• **MATERIAL FOR THE TASK**
--- --- ---

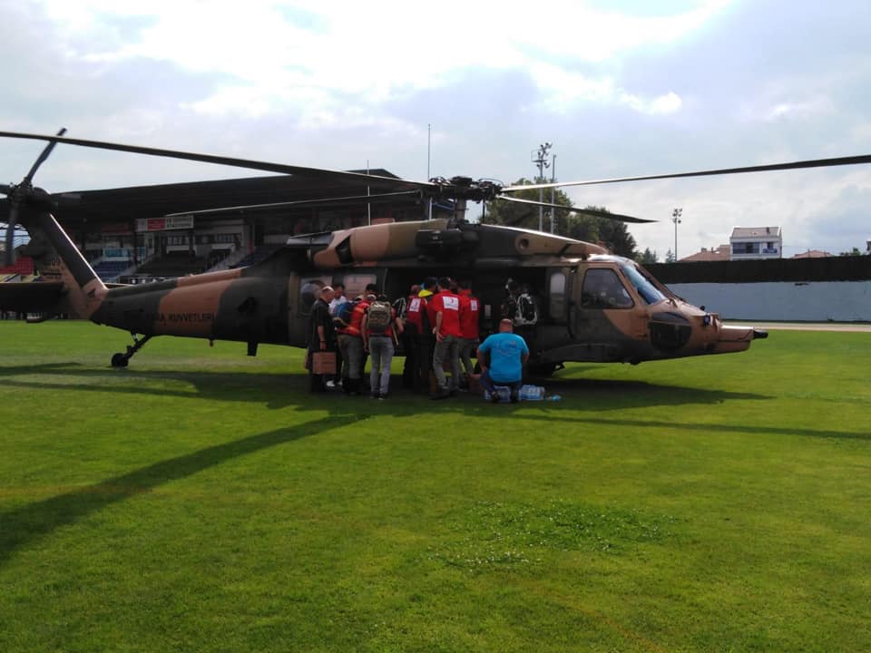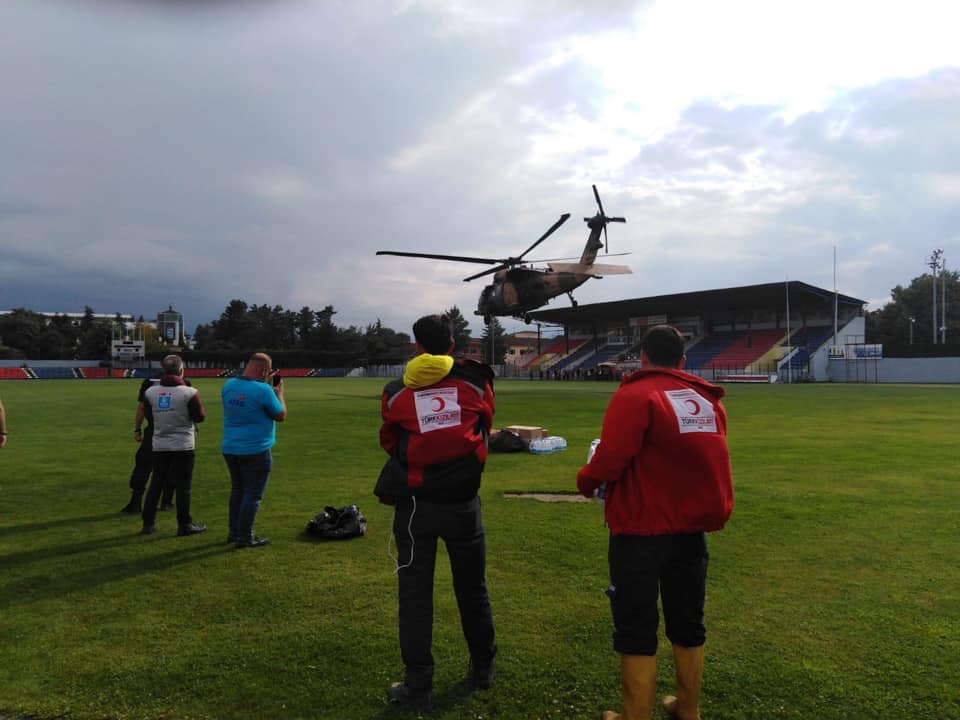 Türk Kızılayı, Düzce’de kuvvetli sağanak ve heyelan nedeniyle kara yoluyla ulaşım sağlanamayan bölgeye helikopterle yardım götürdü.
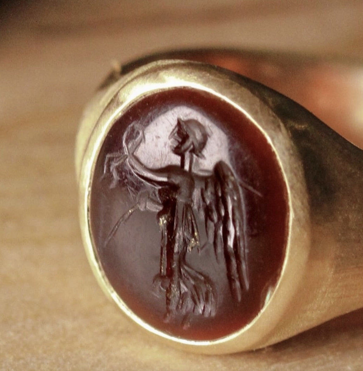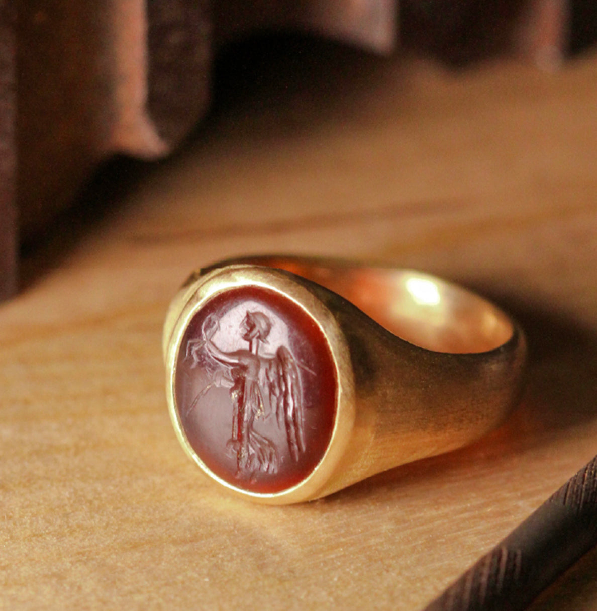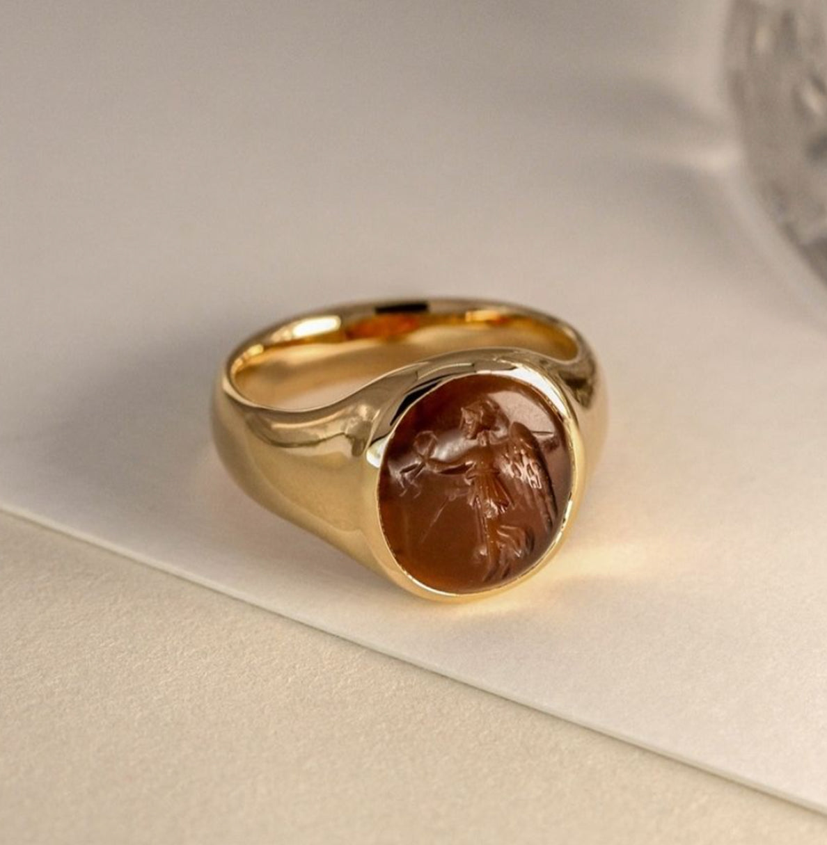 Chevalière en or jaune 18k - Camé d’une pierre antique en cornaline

--- --- ---

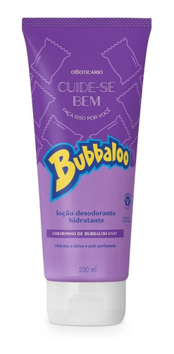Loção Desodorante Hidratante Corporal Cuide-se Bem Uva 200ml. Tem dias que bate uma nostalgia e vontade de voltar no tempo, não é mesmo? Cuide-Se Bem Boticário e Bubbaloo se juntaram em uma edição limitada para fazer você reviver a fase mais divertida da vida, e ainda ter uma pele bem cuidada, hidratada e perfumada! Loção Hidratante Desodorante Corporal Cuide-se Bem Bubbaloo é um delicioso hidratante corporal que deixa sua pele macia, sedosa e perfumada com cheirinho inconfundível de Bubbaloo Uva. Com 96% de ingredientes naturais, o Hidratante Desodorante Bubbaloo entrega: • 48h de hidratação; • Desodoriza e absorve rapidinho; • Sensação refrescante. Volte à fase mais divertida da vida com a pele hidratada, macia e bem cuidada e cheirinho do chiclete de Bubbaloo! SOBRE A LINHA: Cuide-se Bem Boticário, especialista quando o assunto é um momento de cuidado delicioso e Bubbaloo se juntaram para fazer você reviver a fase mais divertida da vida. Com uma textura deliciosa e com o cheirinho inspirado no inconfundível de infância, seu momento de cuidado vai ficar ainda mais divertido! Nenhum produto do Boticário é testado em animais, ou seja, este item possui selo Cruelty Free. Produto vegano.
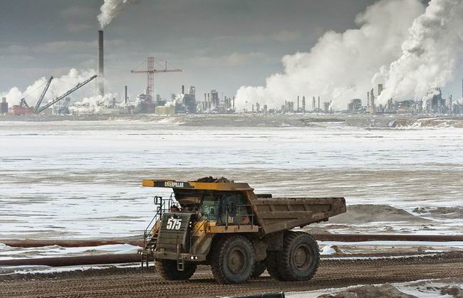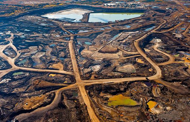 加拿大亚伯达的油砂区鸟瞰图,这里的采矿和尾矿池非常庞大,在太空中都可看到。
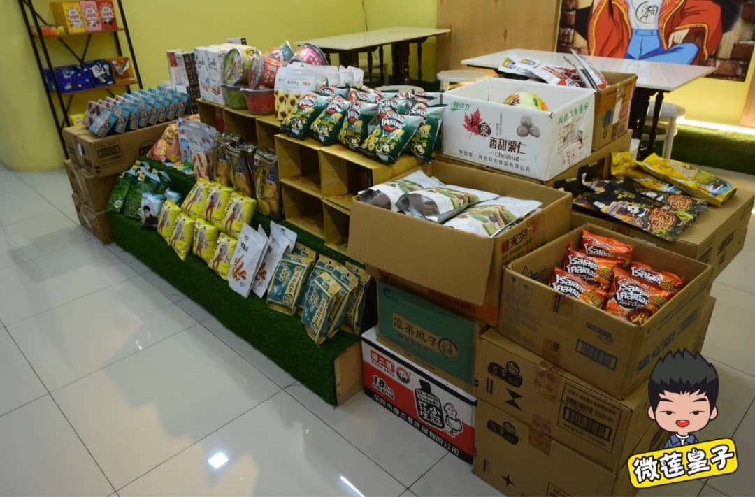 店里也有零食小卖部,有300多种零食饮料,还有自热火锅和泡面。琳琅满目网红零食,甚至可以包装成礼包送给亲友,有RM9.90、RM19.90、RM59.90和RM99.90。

--- --- ---

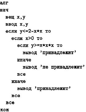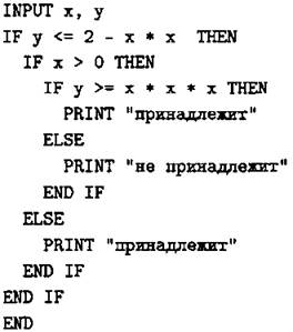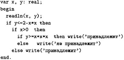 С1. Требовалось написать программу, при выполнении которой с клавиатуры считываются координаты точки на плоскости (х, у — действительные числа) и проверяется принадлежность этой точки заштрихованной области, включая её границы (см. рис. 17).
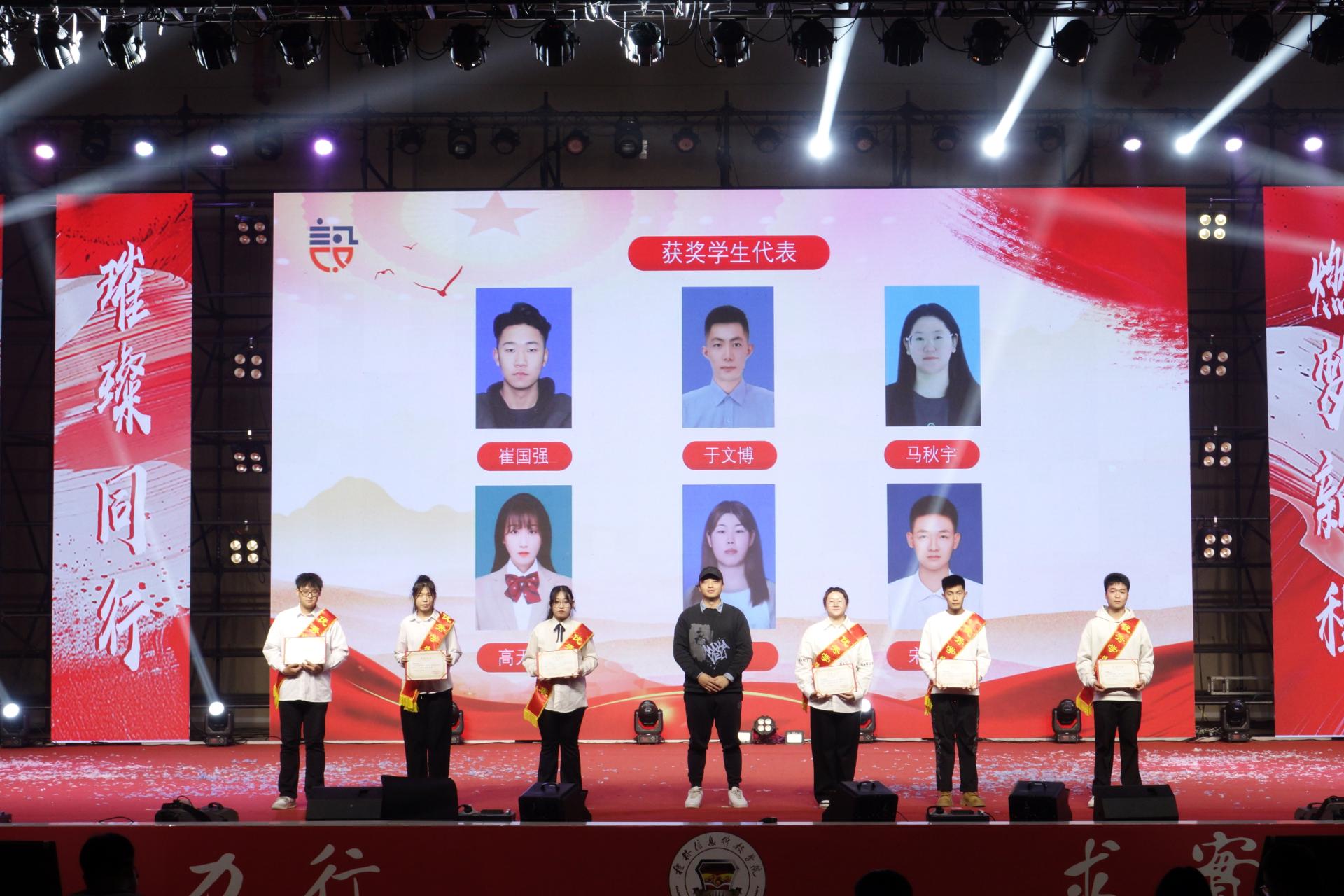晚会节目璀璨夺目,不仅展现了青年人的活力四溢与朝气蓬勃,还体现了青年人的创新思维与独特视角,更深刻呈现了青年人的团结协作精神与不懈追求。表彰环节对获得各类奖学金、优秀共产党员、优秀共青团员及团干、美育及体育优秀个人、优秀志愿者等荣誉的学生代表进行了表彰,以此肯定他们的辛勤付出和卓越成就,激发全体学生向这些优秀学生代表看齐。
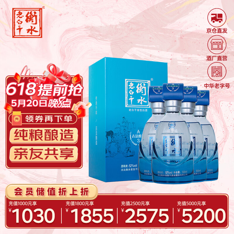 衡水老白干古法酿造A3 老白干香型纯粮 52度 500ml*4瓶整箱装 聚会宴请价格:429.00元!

--- --- ---

• **WHAT YOU WILL DO**
Your answer must be the exact lines from the records above, from the one containing "Türk Kızılayı, Düzce’de" through the one containing "Chevalière en or", both included, with every picture left out.

• **TASK OUTPUT**
 Türk Kızılayı, Düzce’de kuvvetli sağanak ve heyelan nedeniyle kara yoluyla ulaşım sağlanamayan bölgeye helikopterle yardım götürdü.
 Chevalière en or jaune 18k - Camé d’une pierre antique en cornaline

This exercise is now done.